Kasus ini bermula pada Selasa, 17 Maret 2026. Alex Sander diduga melakukan aksi sabotase internal dengan meninggalkan truk tronton bernomor polisi BG-8990-UV di pinggir Jalan Soekarno-Hatta.

Investigasi di lapangan menemukan fakta mengejutkan: truk tersebut ditemukan dalam kondisi memprihatinkan. Pelaku diduga menggasak aset vital sebelum kabur. Tangki BBM ditemukan dalam keadaan kosong melongpong, dan beberapa komponen penting raib.

Tak hanya itu, uang jalan operasional yang dipercayakan perusahaan pun ludes ditilep.

Pihak perusahaan yang geram langsung mengambil langkah hukum tegas. Perwakilan perusahaan berinisial “M” sebelumnya telah menegaskan tidak akan memberi celah bagi pelaku.

“Tindakan pelaku sangat menyusahkan perusahaan. Kami akan kejar terus guna mempertanggungjawabkan perbuatannya secara hukum,” tegas “M” dalam keterangannya kepada media Maret lalu.

Berdasarkan audit internal perusahaan, aksi nekat Alex Sander menyebabkan kerugian total sebesar Rp 20.750.000. Rincian aset yang digelapkan meliputi: BBM solar (500 Liter): Rp 3.400.000, 2 set ban Bridgestone: Rp 12.000.000, 2 Pcs velg: Rp 4.000.000 dan uang jalan: Rp 1.350.000.

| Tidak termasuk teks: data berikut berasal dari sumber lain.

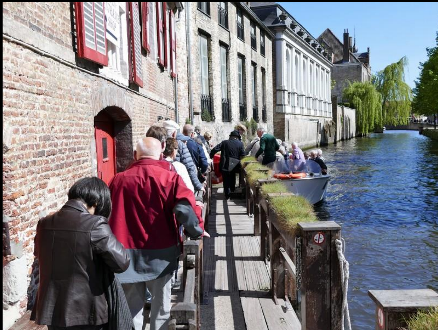
Vikingarna går ombord
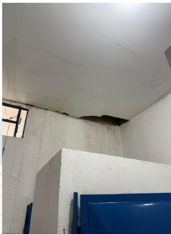
Figura 32 - Manutenções gerais Anexo
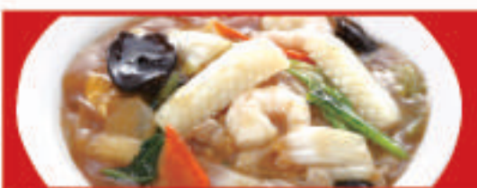
中華丼 750円(税込) 中華丼 (小) 550円(税込)
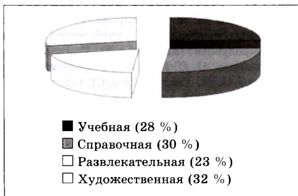
Рисунок 3 — Ответы респондентов на вопрос «Какой литературы, на твой взгляд, не хватает в фонде библиотеки твоей школы?»
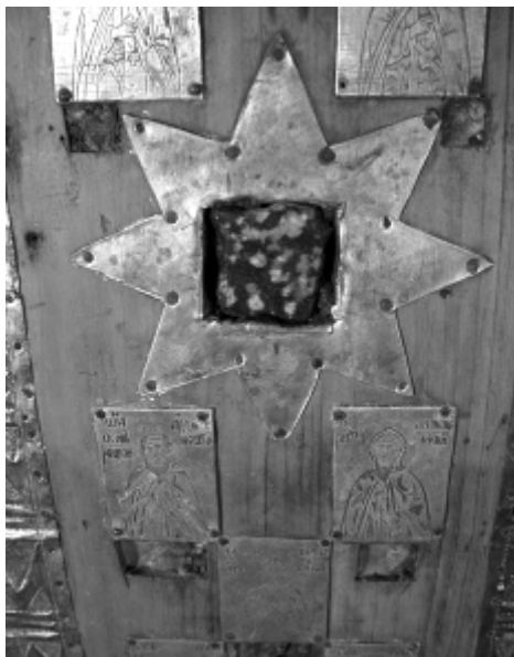
8. Фрагмент вертикального древка креста с изображением восьмиконечной звезды с камнем и изображением новгородских святых
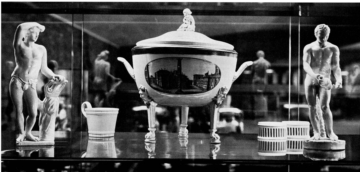
Abb. 27. Plastiche e zuppiera decorata a paese. III periodo della Manifattura di Doccia, 1792—1837. Museo della Manifattura.
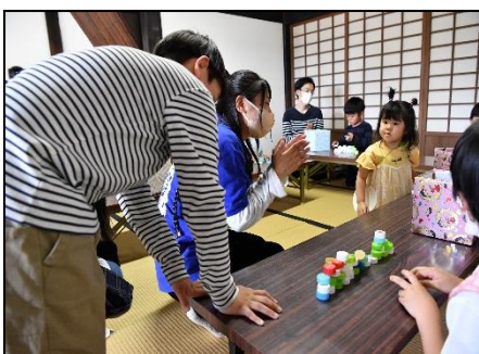
シャカリンピック (太鼓楼) —キャップ積み—
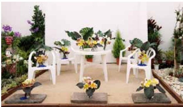
パフ バイ デイ オーシャン Paph by the Ocean 北軽ガーデン Kita Cal Garden 群馬県 Gunma, Japan
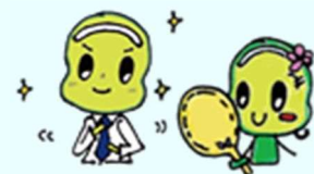
④ 身だしなみセミナー
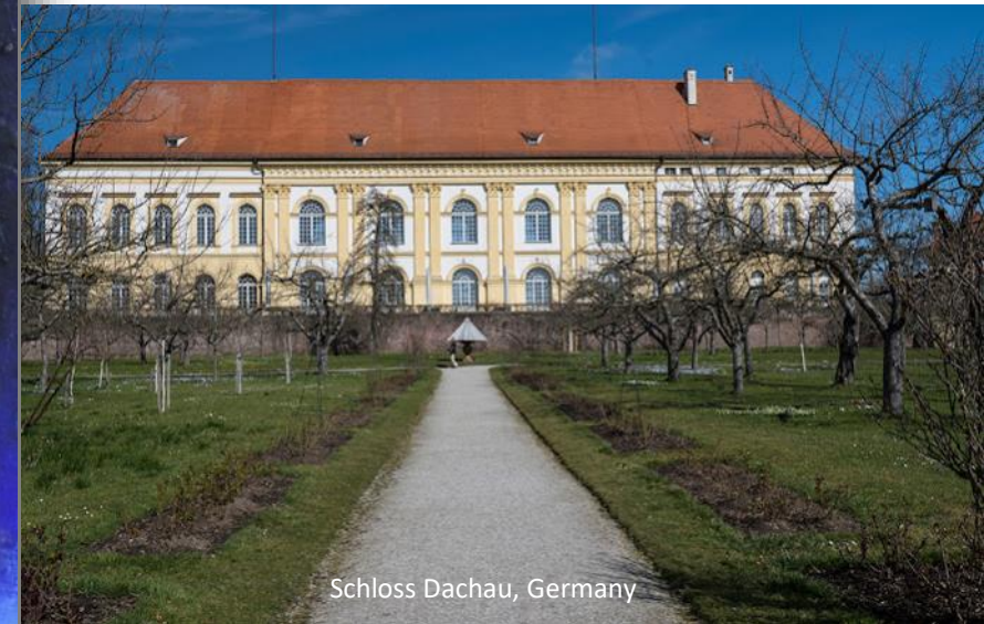
Schloss Dachau, Germany
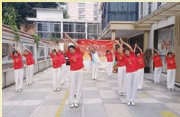
9月29日,市直机关老体协白马河公园活动站20名队员参加南街街道“欢度国庆,共赏华章”活动。
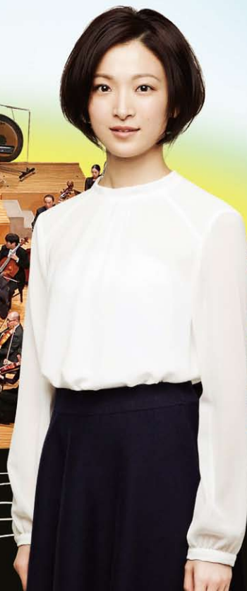
〈ナビゲート〉野々すみ花（元宝塚歌劇団宙組トップ娘役）
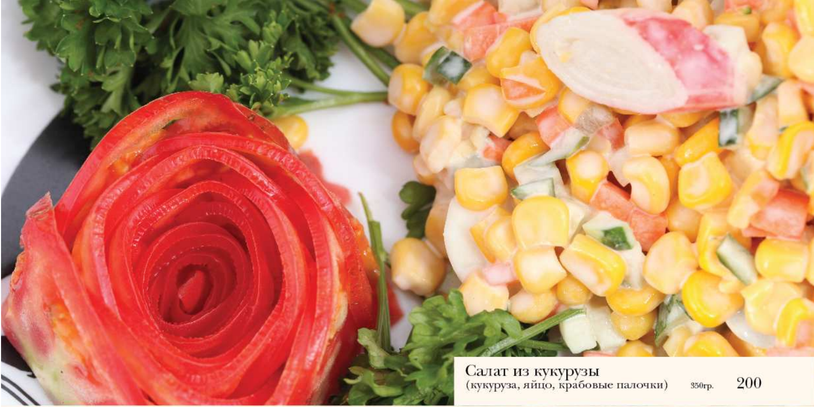
Салат из кукурузы (кукуруза, яйцо, крабовые палочки) 350гр. 200
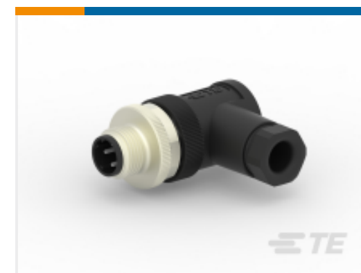
TE 产品编号T4113501041-000 M12,MALE,RA,D CODE,4P,PG7,GOLD
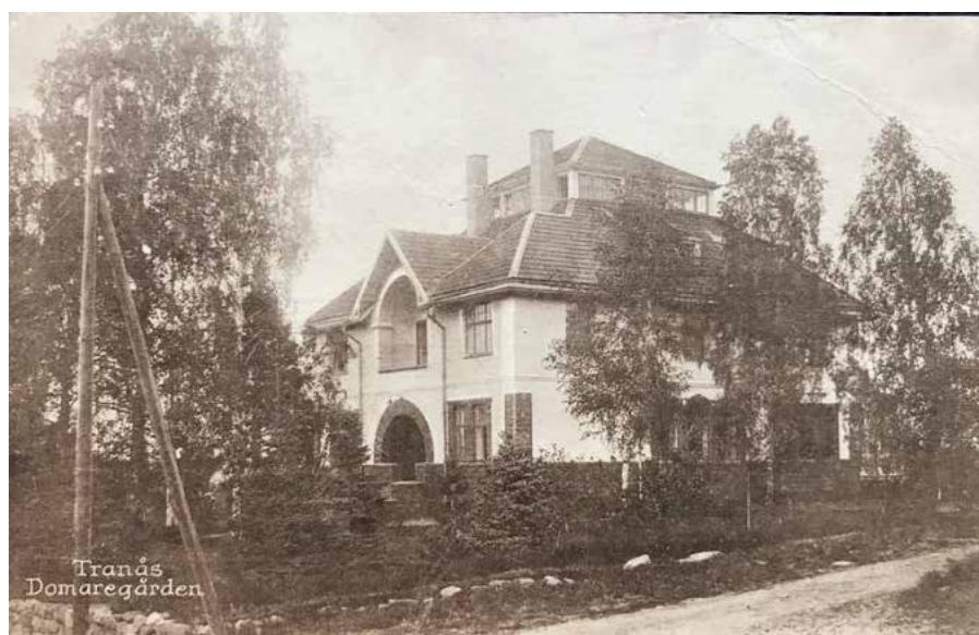
Del 1 Romanäs sanatorium i Tranås, bodde på Domaregården i Tranås

9/9 14-årsdagen i yrket, Reste från Engelholm 5.52, Reste från Åstorp
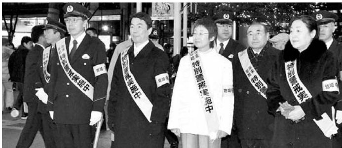
県知事・仙台市長等の繁華街警戒
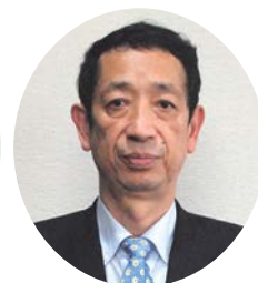
山本 克也 副市長
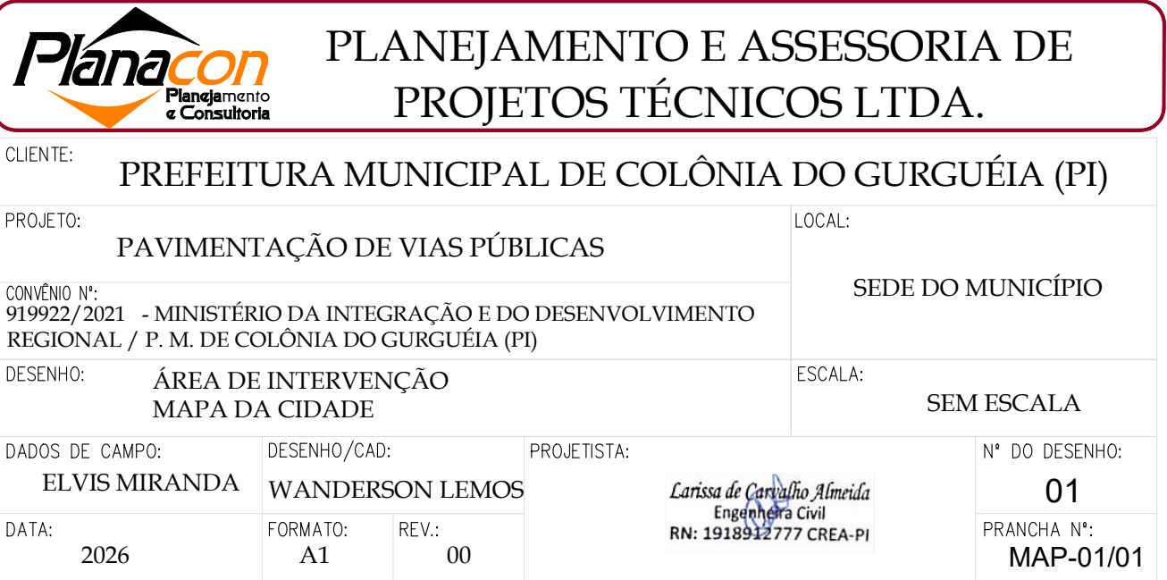
ÁREA DE INTERVENÇÃO
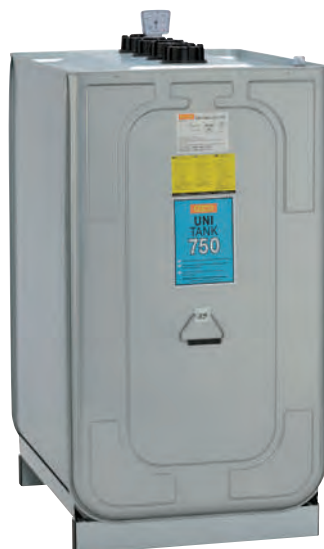
UNI-Tank 750 I.
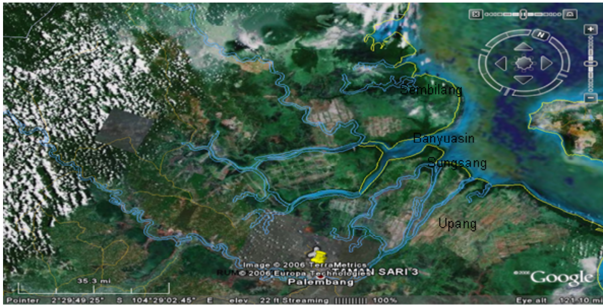
Gambar 1. Peta perairan estuaria Sungai Upang, Sungai Musi, Sungai Banyuasin, dan Sungai Sembilang Kabupaten Banyuasin, Sumatera Selatan, tahun 2006.

Sembilang Kabupaten Banyuasin, Sumatera Selatan (Gambar 1) pada tahun 2006.
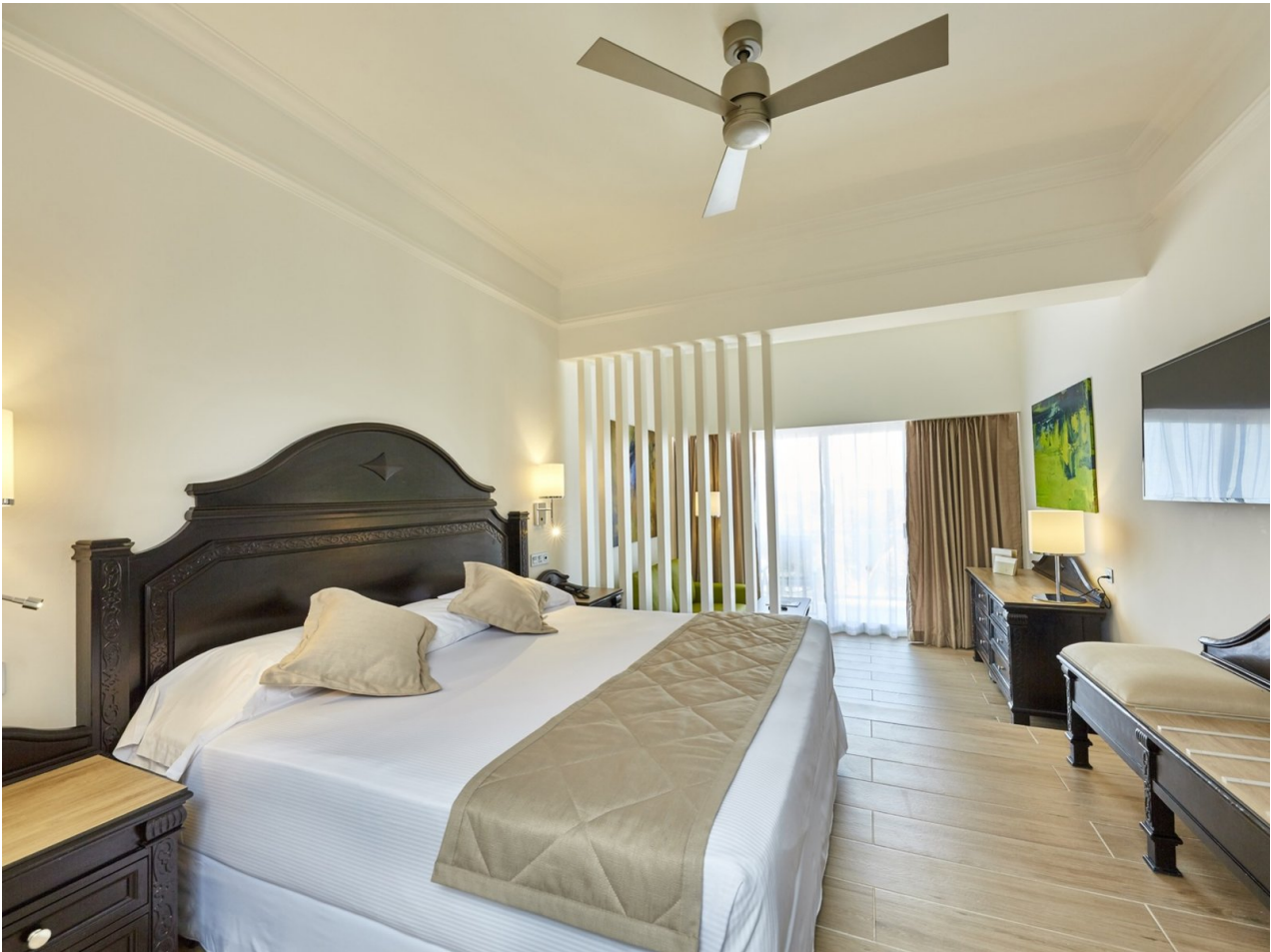
Wohnbeispiel Juniorsuite Standard
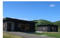
エコ・コテージ 【1棟8,400円～】

※宿泊施設は他にもございますが、体験メニューをご利用できるのは上記の施設をご利用になられた場合となります
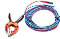
Doppeldraht-Prüfleitung 10 m mit Kelvinklemme

WAPRZ006DZBBU2I2 WAPRZ010DZBBU2I2 WAPRZ015DZBBU2I2
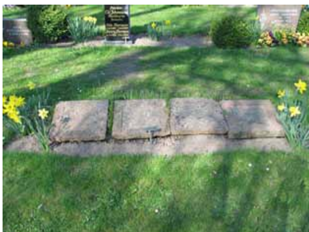
Liggande vårdar av kalksten, kv D (KI Ljungby kyrkog 072)
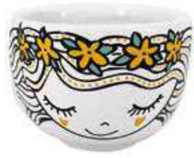
VDE-36 conf. 24 pz master 96 pz h mm. 50 - Ø 75 interno Ø 65
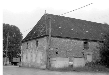
Vue depuis le nord-ouest. IVR22_19980201619Z
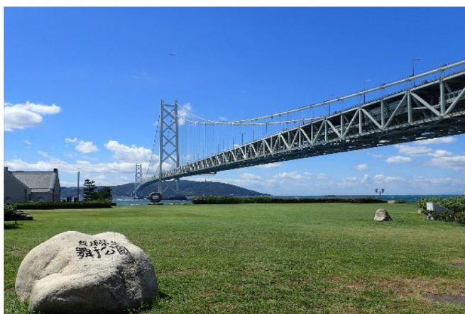
舞子公園（觀賞世界第一吊橋～明石海峽大橋）
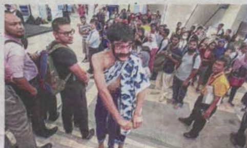
Placemaking may also include arts, whether installations or performances, as part of its appeal, such as this Butoh dance by the Nyoba Kan group at Masjid Jamek LRT station in Kuala Lumpur as part of Arts on the Move, a joint initiative between Think City and Prasarana Malaysia.
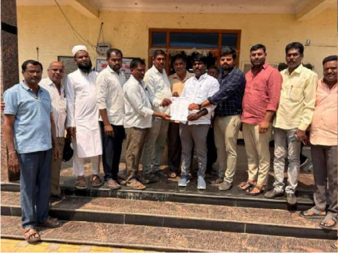
కురుమ సంఘం సభ్యులు ఆక్రమణలను తొలగించాలని డిమాండ్ చేశారు.
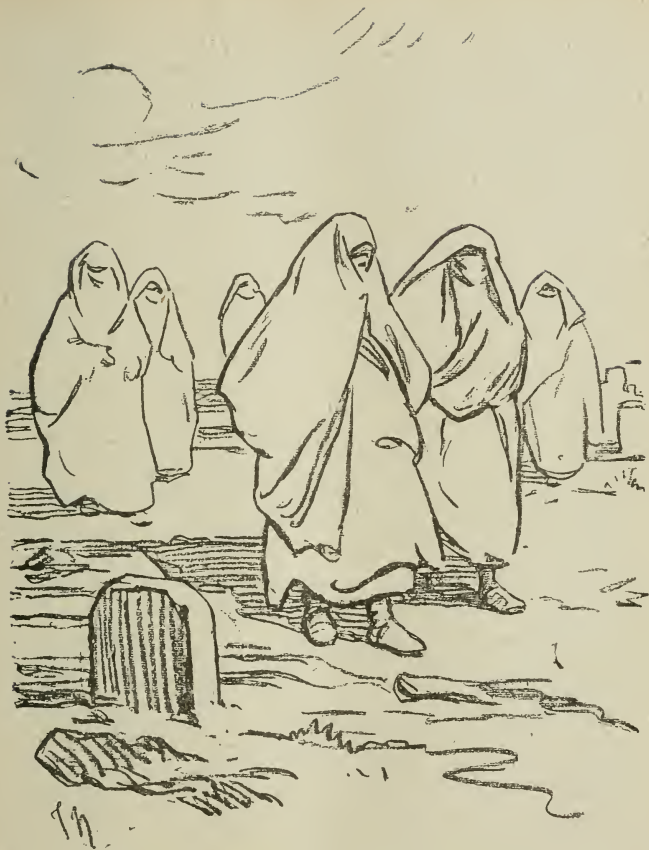
FEMMES SE RENDANT AU CIMETIÈRE
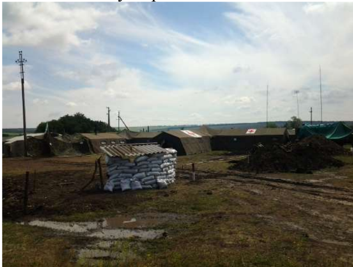
Варіант розміщення мобільного госпіталю (район АТО).

Долікарська медична допомога (з елементами першої лікарської допомоги, при наявності лікаря в підрозділі) надається середнім медичним персоналом на полі бою, в медичному пункті батальйону та батальйонній (ротній) тактичній групі базового табору, не пізніше 1 години з моменту поранення.
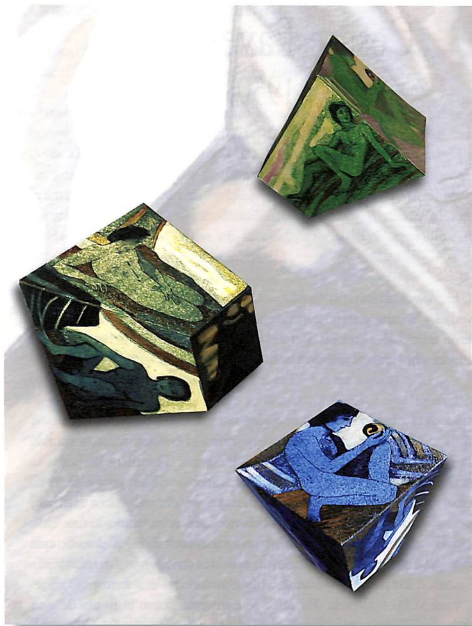
Alejandro Quijano, El juego del espacio , 2009, instalación técnica mixta.
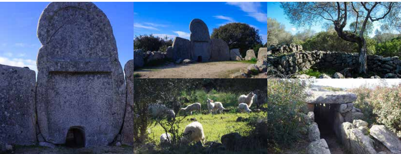
Tomba S'Ena e Thomes

Nach dem Frühstück checken wir aus und fahren in Richtung Westen. Sollte der Rückflug nicht in der Frühe sein, so besuchen wir auf dem Weg zum Flughafen das Gigantengrab Tomba S'Ena e Thomes oder i
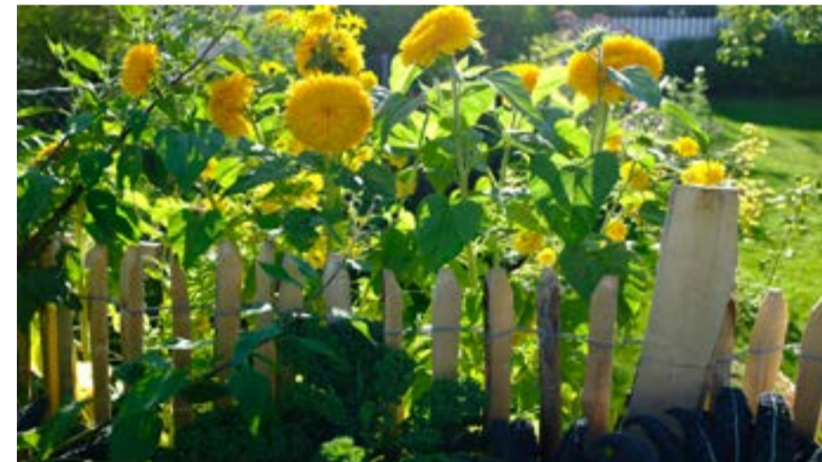
Fyllt solsikke ved navn "double sanking".

Tips: Blomsterhagen på Abildso Vårtreff Botanisk hage i mai. Her kan man få kjøpt både stauder, sommerblomster og urter.
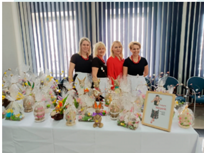
Kiermasz Wielkanocny, Urząd Gminy Fajslawice, 03.04.2022r.
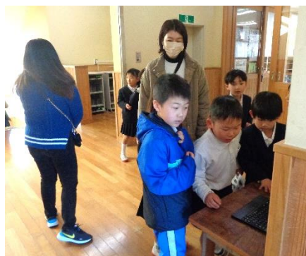
【PTA 活動：学校かくれんぼ】
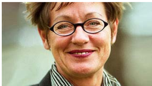
Gudrun Schyman 1996.
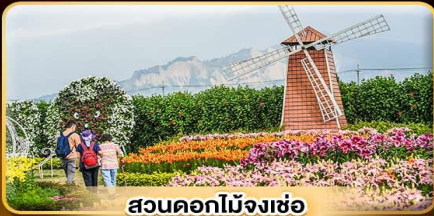
สวนดอกไม้จงเซอ

เค้ด้าทีดาวเน้ตีกไทเป 101 แชน้ำแร่ส่วนตัวในห้องพัก
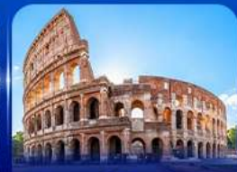
เช็ควินด์ง โคลอสเซียม โรม
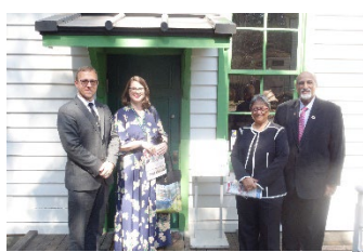
Nagahama Hall (ancien laboratoire de bactériologie)
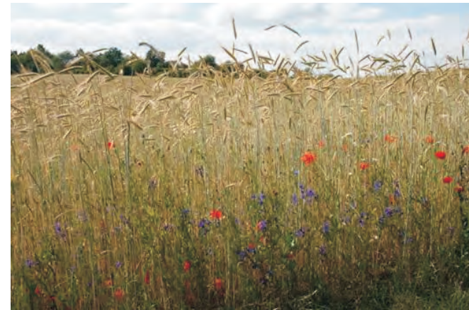
Artenreicher Öko-Roggen (Wettbewerb 2014, Unterfranken)

Ob Kalkscherben-, Lehm- oder Sandäcker - gerade die Oberpfalz mit ihren abwechslungsreichen Landschaften und vielfältigen Standorten beherbergt ein großes Potential an wertvollen Ackerlebensräumen. Besonders auf weniger ertragreichen Böden wird zum Teil bereits Ackerwildkrautschutz in Form von VNP oder KULAP betrieben. Deshalb erhoffen wir uns rege Beteiligung – aber auch so manche Überraschung!
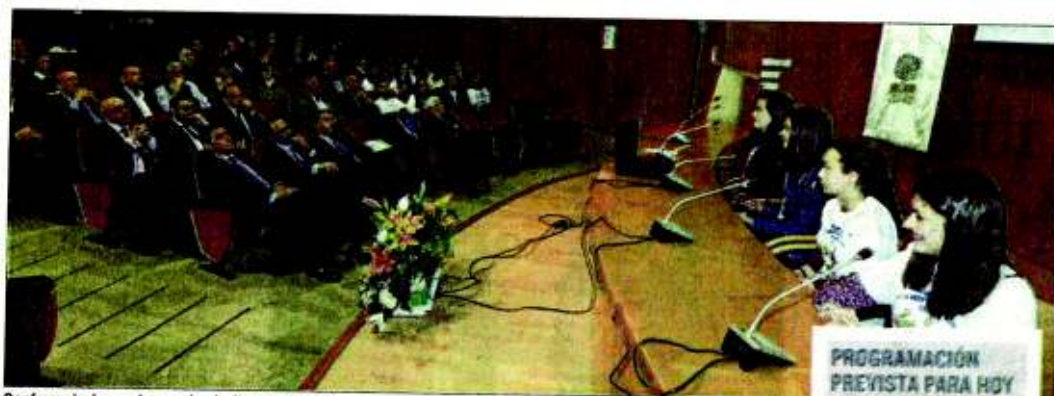
Conferencia de escolares sobre la dieta mediterránea ayer en el campus de Soria.

Kini, Alex Sander hanya bisa tertunduk lesu di sel tahanan. Berdasarkan Surat Tanda Terima Laporan Polisi (STLP) Nomor: STLP/239/IV/2026/SPKT, ia terancam dijerat dengan Pasal 372 KUHP tentang Penggelapan dan/atau Pasal 486 KUHP terkait tindak pidana berulang.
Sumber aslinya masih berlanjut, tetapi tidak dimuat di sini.